→ Task to carry out
Could you repeat, exactly and with no pictures, only the lines from the start of the records through the line containing "Number: 03**** |"?

→ Information provided
***

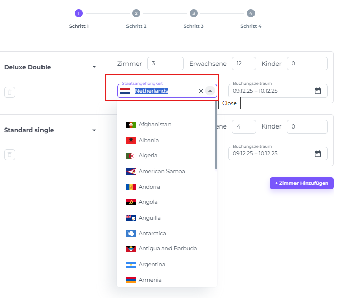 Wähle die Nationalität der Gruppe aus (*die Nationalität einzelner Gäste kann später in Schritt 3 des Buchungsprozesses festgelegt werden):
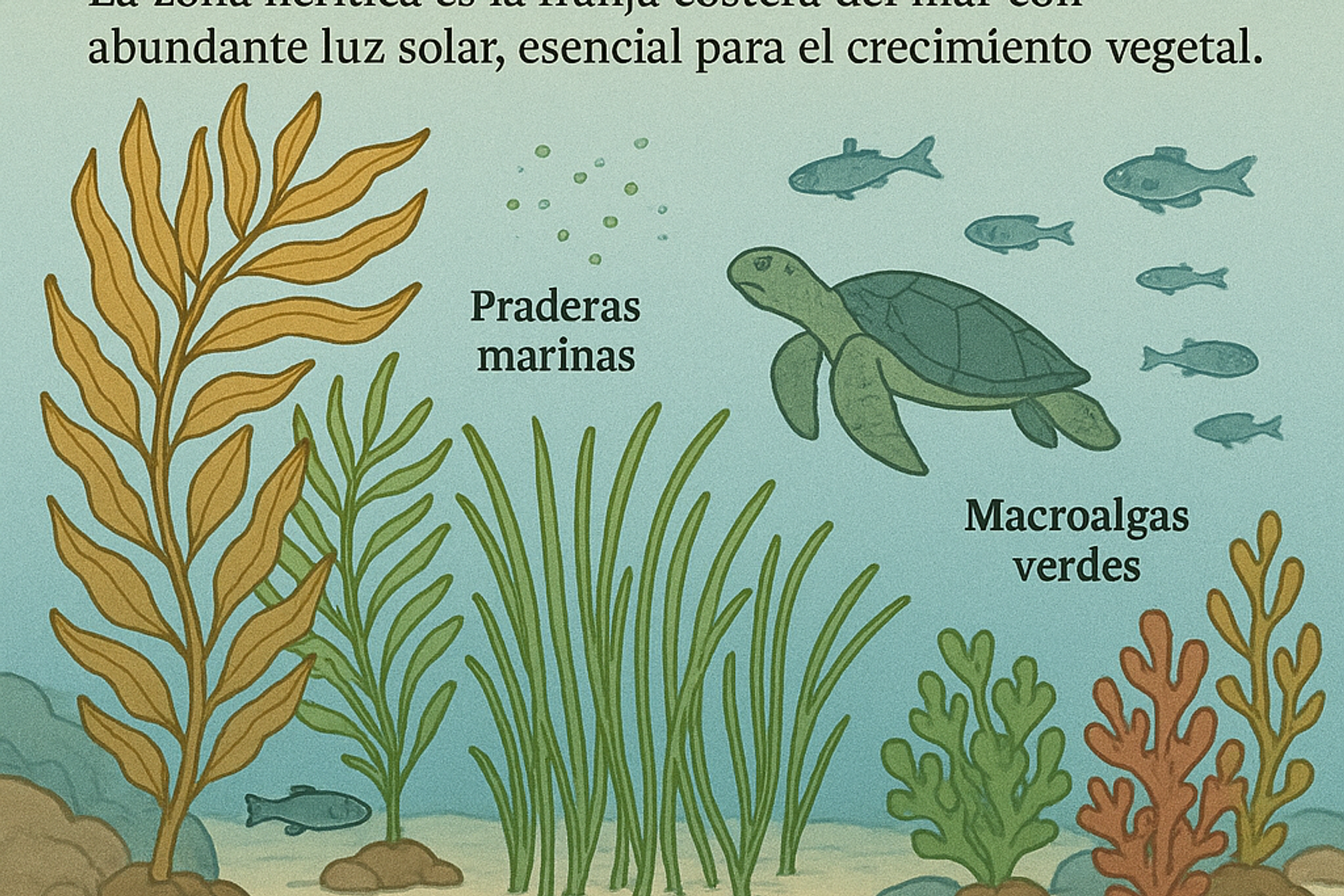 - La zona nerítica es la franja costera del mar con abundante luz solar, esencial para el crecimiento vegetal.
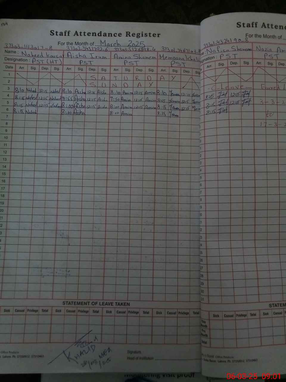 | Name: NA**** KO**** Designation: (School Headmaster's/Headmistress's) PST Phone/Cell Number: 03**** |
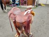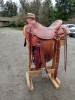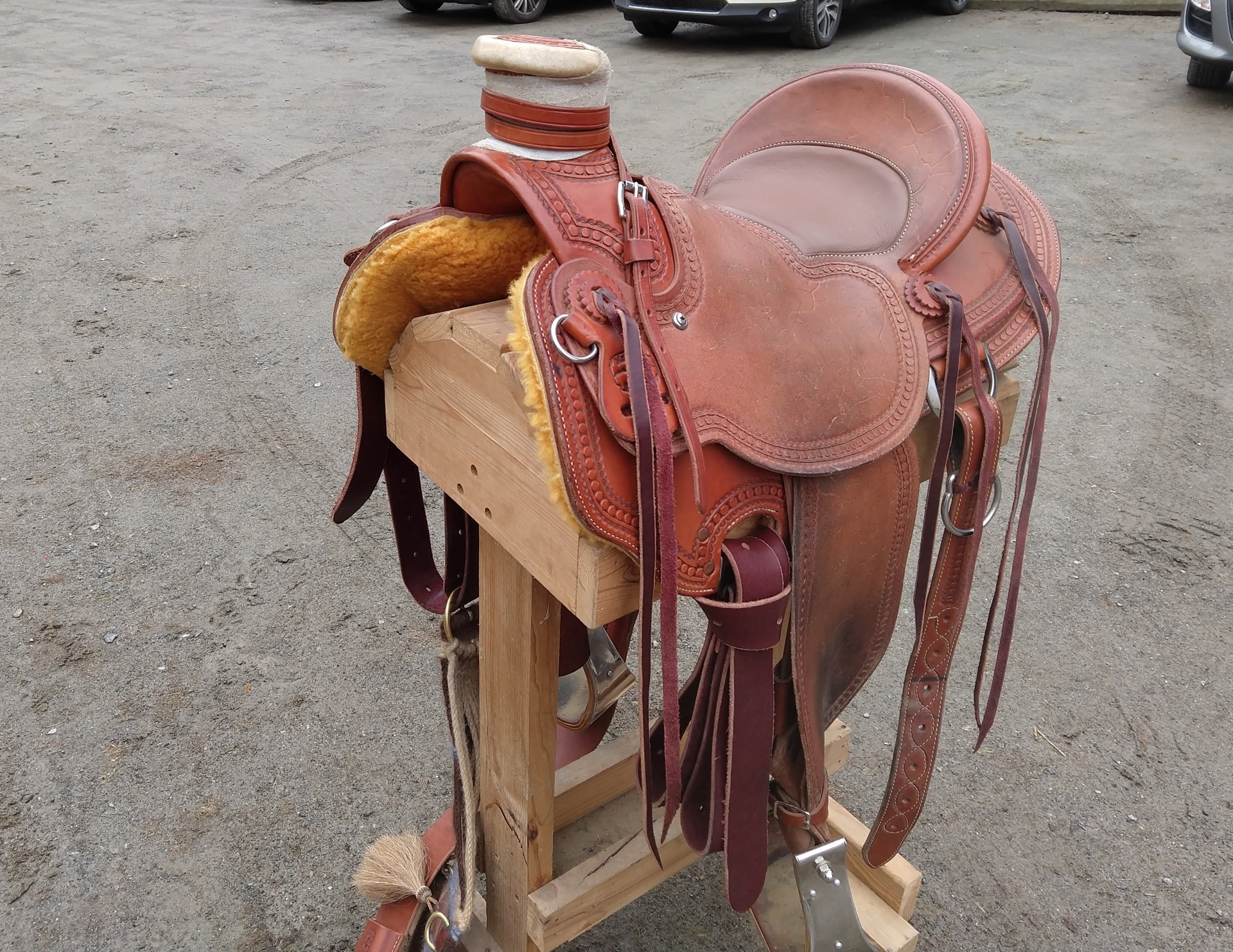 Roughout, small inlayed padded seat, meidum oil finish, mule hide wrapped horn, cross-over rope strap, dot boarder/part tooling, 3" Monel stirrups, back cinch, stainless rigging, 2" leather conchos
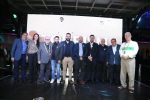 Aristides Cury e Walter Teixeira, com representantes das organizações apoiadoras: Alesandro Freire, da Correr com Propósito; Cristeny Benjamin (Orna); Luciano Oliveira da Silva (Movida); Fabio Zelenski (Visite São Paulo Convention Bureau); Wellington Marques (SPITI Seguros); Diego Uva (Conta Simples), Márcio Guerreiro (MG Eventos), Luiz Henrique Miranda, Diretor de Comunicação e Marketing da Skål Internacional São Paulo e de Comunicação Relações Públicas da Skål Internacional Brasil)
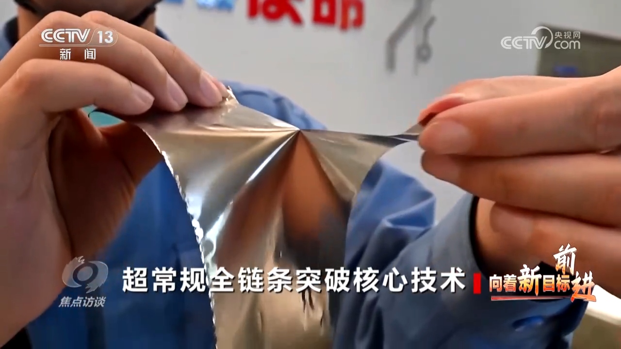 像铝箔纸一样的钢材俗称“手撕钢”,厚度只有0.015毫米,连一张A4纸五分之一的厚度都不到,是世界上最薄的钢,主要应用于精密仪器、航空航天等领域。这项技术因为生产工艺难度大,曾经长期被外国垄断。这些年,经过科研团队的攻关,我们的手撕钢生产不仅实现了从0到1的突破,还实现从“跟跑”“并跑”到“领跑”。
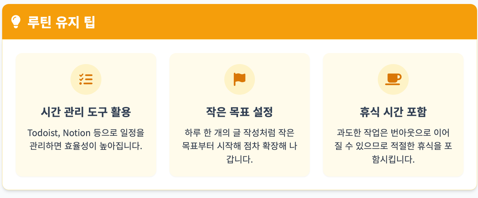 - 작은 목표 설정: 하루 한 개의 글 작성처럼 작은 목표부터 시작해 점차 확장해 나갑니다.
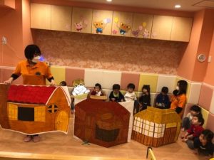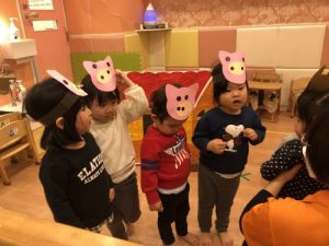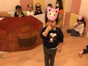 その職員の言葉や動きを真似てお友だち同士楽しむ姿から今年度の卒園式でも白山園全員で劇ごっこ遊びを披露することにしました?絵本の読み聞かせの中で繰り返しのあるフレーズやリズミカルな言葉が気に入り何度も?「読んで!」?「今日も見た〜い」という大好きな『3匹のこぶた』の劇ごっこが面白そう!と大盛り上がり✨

***

→ Answer to this exercise
 Wähle die Nationalität der Gruppe aus (*die Nationalität einzelner Gäste kann später in Schritt 3 des Buchungsprozesses festgelegt werden):
 - La zona nerítica es la franja costera del mar con abundante luz solar, esencial para el crecimiento vegetal.
 | Name: NA**** KO**** Designation: (School Headmaster's/Headmistress's) PST Phone/Cell Number: 03**** |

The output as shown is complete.